* **TASK TO CARRY OUT**: When you reach the line below that has "En este diseño: ostras, limón, cuadros", start returning lines exactly, and stop after the line that has "Fleece trousers for"; skip the pictures.

─── DATA UNDER STUDY ───

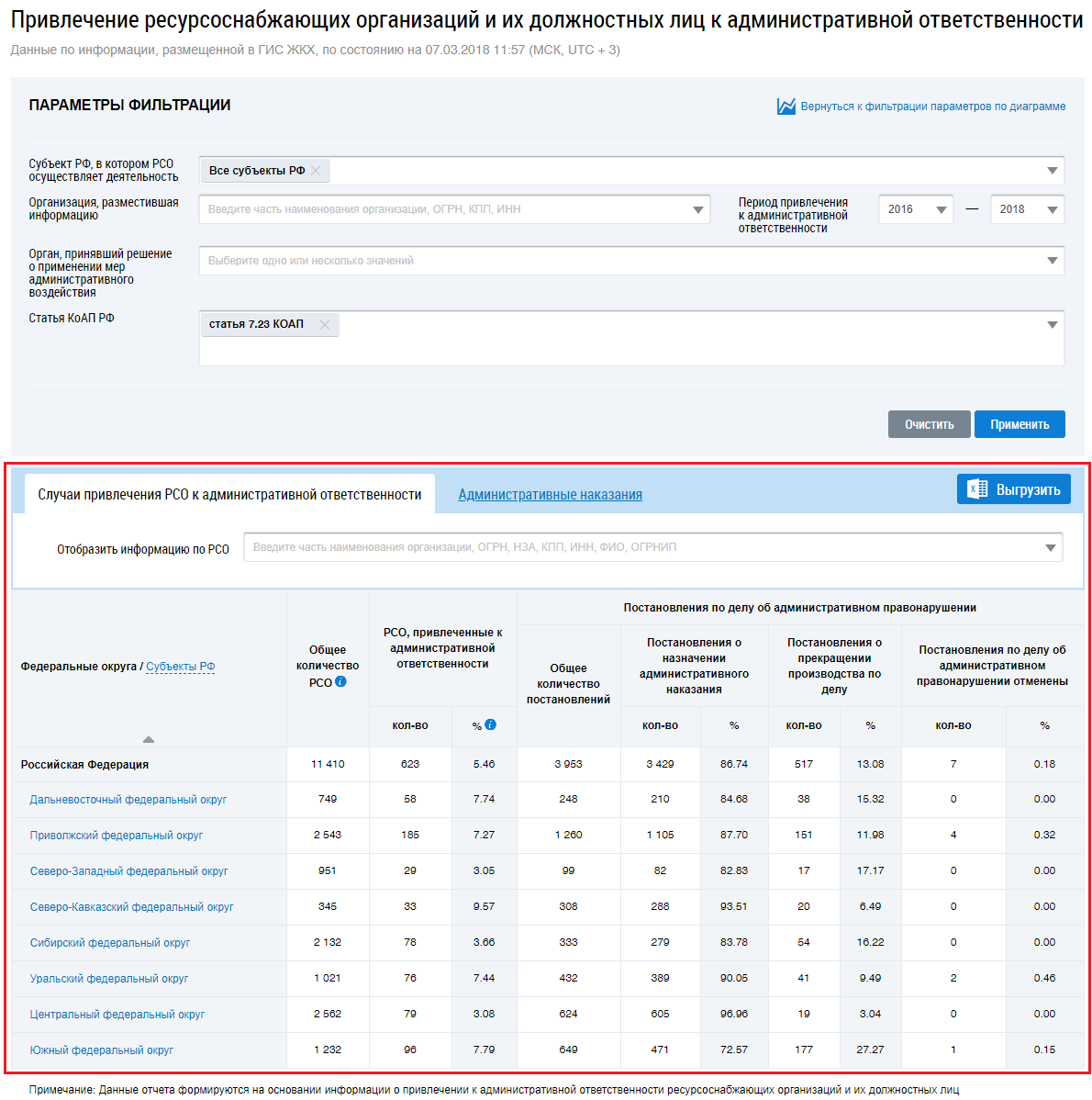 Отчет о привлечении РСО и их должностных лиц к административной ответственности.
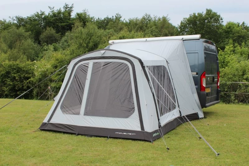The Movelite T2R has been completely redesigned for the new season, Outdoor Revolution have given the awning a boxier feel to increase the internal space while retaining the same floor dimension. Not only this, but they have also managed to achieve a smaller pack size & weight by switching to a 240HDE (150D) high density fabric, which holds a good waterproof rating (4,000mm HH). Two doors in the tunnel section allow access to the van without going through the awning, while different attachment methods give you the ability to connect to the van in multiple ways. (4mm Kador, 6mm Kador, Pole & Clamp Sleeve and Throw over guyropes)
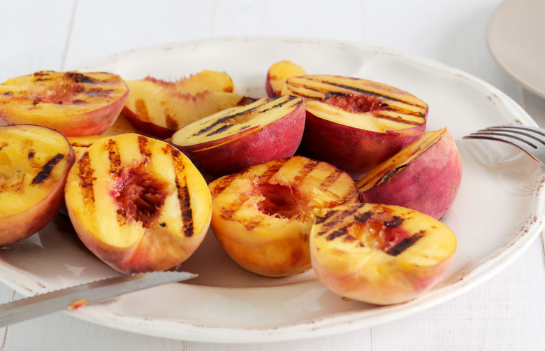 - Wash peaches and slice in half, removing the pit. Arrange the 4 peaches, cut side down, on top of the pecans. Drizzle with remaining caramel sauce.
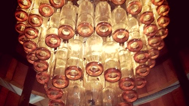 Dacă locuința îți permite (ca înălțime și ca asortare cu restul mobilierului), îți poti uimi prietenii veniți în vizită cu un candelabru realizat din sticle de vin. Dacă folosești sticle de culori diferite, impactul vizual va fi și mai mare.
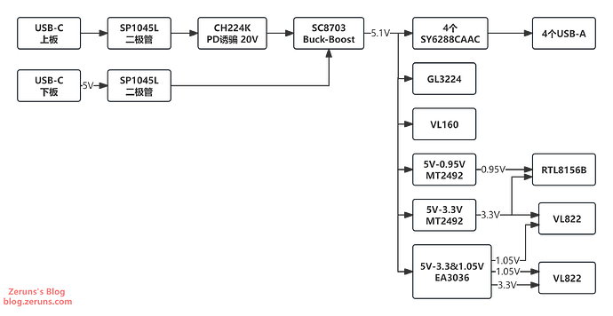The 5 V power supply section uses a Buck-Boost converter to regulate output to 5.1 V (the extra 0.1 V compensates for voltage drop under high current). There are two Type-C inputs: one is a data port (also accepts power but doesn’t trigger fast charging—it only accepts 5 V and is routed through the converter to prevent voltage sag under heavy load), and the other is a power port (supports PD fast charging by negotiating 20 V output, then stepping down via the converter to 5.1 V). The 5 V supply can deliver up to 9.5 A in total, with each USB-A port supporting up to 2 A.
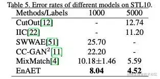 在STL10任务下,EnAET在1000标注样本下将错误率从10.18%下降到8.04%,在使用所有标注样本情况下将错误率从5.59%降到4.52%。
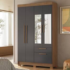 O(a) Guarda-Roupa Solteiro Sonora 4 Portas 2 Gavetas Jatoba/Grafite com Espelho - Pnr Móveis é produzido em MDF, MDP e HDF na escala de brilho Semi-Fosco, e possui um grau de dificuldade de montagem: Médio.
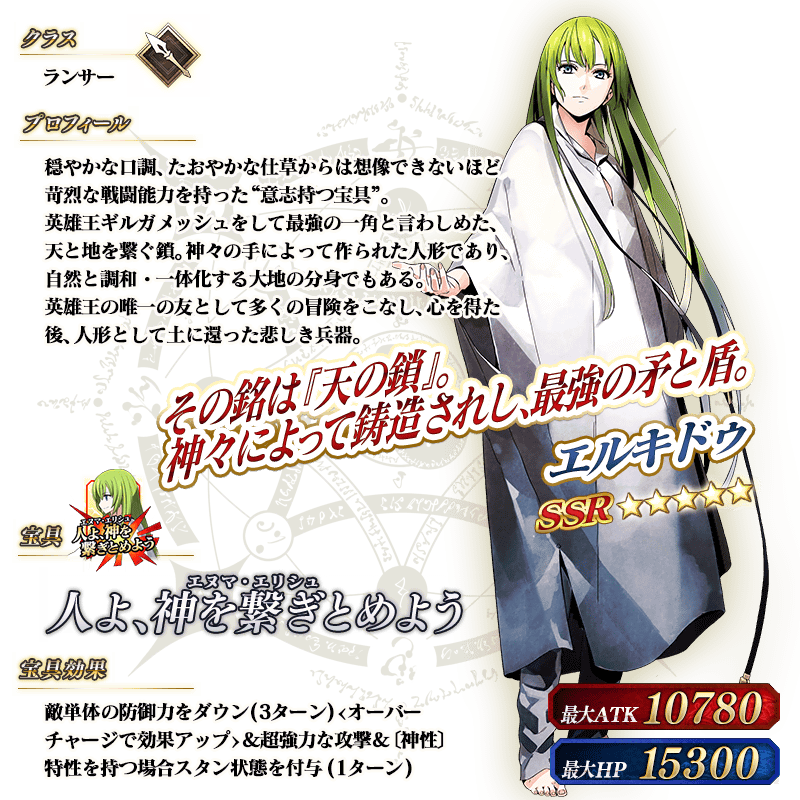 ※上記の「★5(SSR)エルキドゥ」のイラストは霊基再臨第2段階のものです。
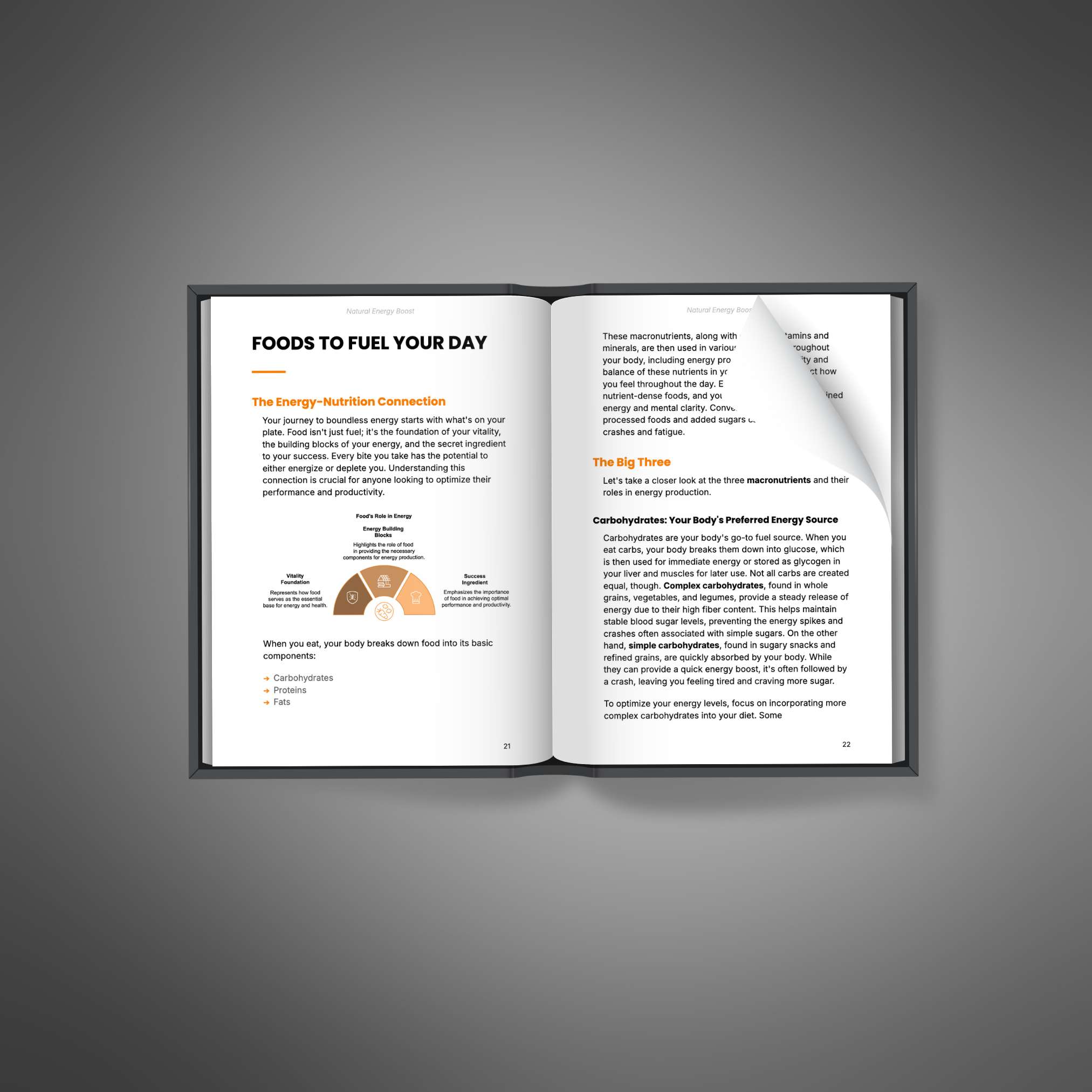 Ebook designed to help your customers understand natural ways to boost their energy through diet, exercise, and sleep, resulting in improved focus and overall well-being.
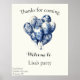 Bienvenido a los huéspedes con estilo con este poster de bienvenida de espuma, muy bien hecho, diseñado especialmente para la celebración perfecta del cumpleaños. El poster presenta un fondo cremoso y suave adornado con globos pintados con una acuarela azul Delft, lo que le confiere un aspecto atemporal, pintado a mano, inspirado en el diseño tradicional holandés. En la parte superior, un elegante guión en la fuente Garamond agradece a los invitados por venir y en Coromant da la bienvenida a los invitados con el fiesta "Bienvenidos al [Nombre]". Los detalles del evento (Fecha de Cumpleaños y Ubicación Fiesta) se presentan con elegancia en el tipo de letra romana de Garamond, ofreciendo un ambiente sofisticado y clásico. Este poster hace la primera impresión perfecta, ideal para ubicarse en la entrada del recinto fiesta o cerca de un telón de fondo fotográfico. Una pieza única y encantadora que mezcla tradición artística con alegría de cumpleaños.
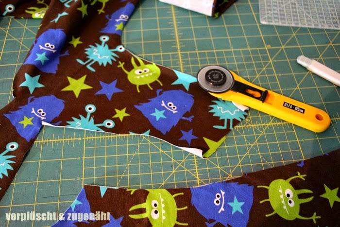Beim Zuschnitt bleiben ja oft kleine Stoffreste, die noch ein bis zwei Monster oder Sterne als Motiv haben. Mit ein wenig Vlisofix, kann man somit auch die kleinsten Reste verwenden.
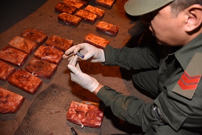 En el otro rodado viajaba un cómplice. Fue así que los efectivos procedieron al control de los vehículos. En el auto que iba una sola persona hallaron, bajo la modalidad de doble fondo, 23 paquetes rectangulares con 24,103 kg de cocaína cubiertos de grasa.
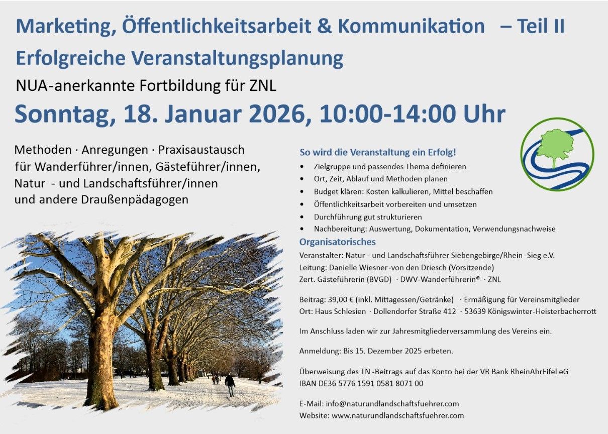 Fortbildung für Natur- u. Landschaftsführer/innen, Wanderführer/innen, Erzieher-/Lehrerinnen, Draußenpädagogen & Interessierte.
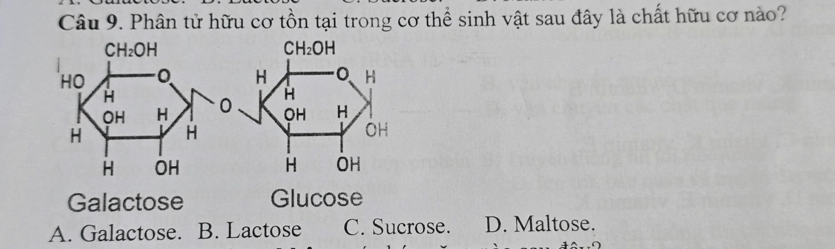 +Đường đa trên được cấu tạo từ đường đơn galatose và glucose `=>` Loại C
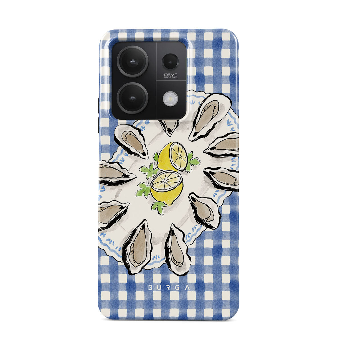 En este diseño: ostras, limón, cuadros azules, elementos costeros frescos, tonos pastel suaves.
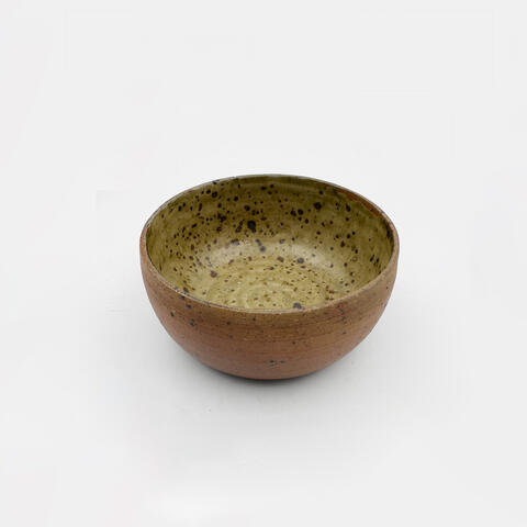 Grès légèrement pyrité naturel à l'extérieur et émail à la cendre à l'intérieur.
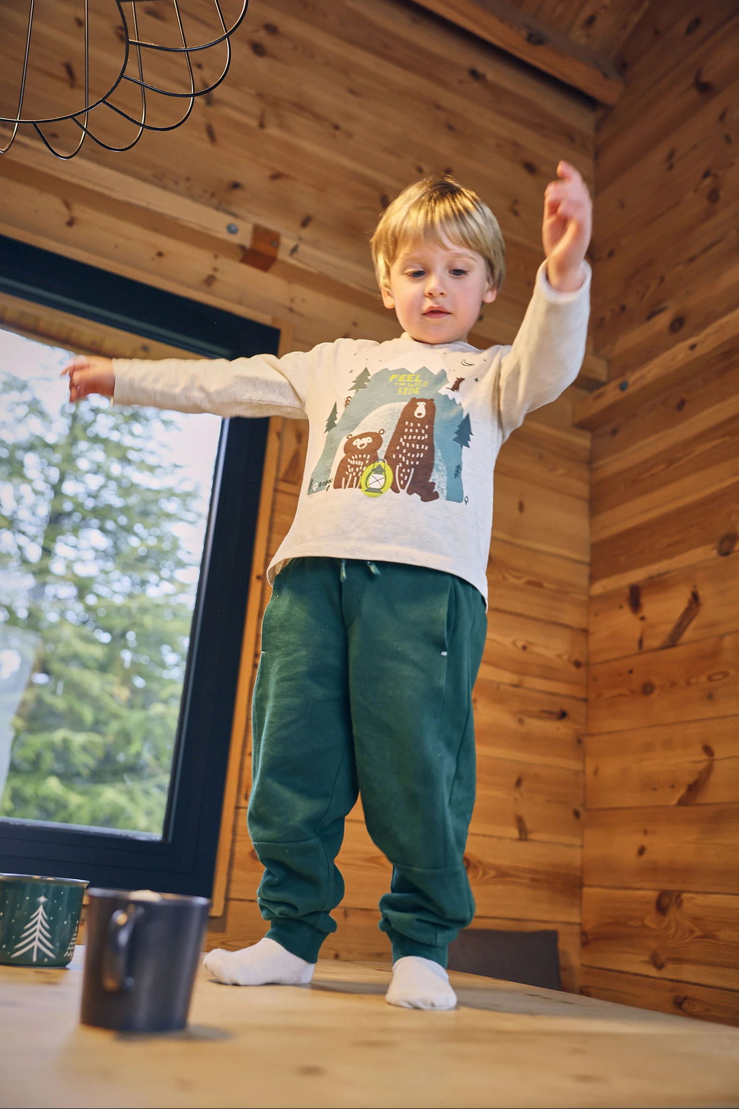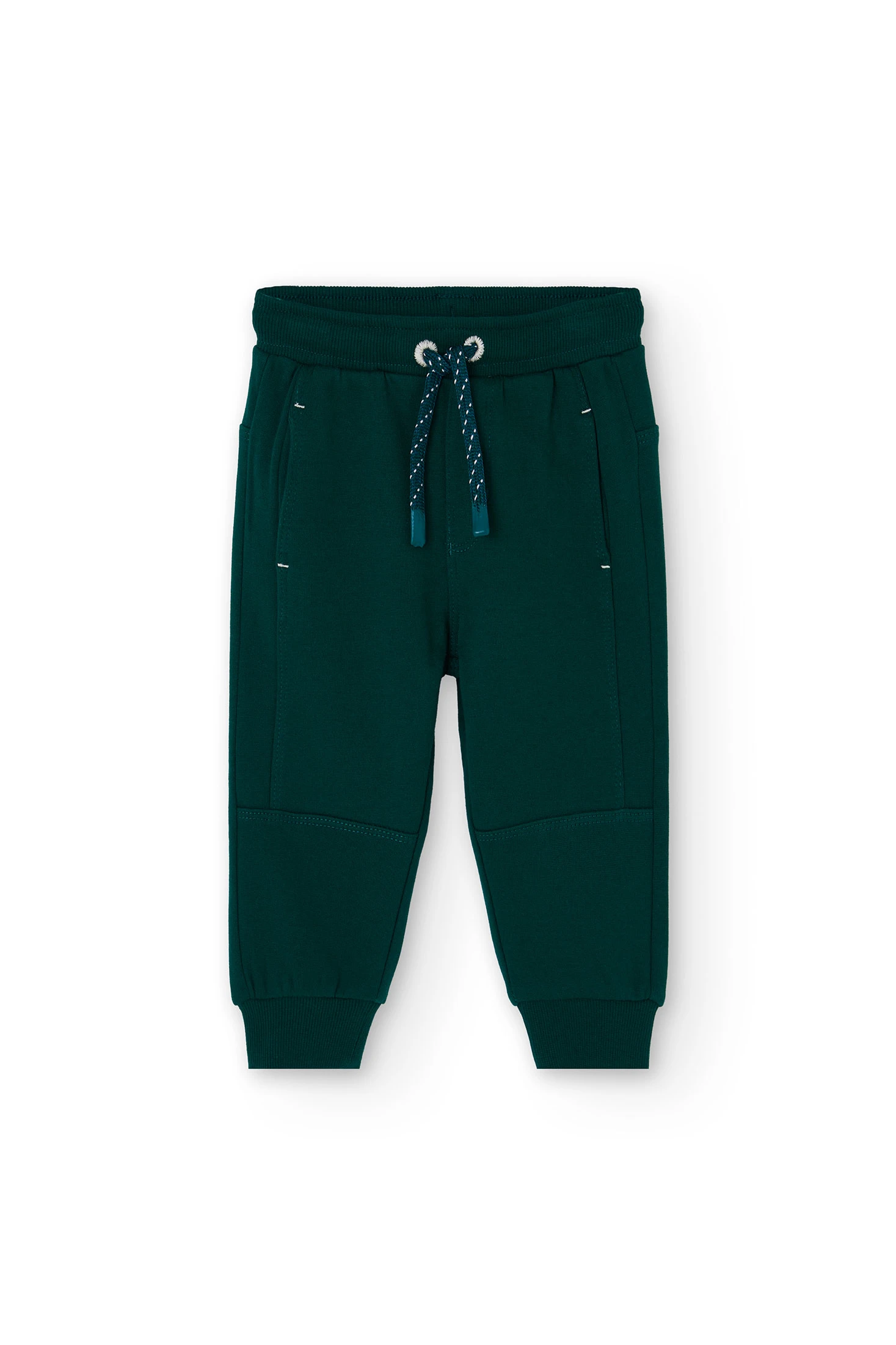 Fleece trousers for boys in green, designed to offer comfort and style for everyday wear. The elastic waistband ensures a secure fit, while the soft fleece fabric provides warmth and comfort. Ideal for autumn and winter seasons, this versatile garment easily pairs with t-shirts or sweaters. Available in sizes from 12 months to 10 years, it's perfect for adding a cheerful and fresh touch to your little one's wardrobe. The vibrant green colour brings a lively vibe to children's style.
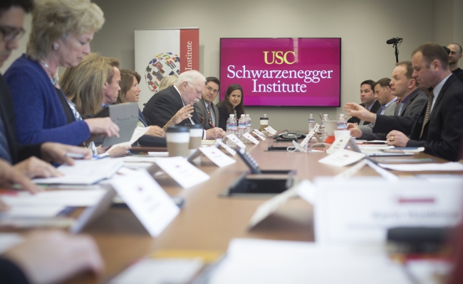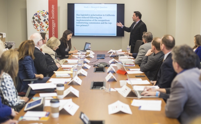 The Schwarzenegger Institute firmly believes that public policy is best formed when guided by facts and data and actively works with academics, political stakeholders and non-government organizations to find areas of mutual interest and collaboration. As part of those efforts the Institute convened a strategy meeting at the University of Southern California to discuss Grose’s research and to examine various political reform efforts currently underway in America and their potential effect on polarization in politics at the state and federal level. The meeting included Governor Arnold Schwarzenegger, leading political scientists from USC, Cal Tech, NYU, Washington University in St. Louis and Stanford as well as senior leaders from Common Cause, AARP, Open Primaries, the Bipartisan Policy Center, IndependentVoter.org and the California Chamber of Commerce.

───

* **SOLVED PROBLEM**:
 En este diseño: ostras, limón, cuadros azules, elementos costeros frescos, tonos pastel suaves.
 Grès légèrement pyrité naturel à l'extérieur et émail à la cendre à l'intérieur.
 Fleece trousers for boys in green, designed to offer comfort and style for everyday wear. The elastic waistband ensures a secure fit, while the soft fleece fabric provides warmth and comfort. Ideal for autumn and winter seasons, this versatile garment easily pairs with t-shirts or sweaters. Available in sizes from 12 months to 10 years, it's perfect for adding a cheerful and fresh touch to your little one's wardrobe. The vibrant green colour brings a lively vibe to children's style.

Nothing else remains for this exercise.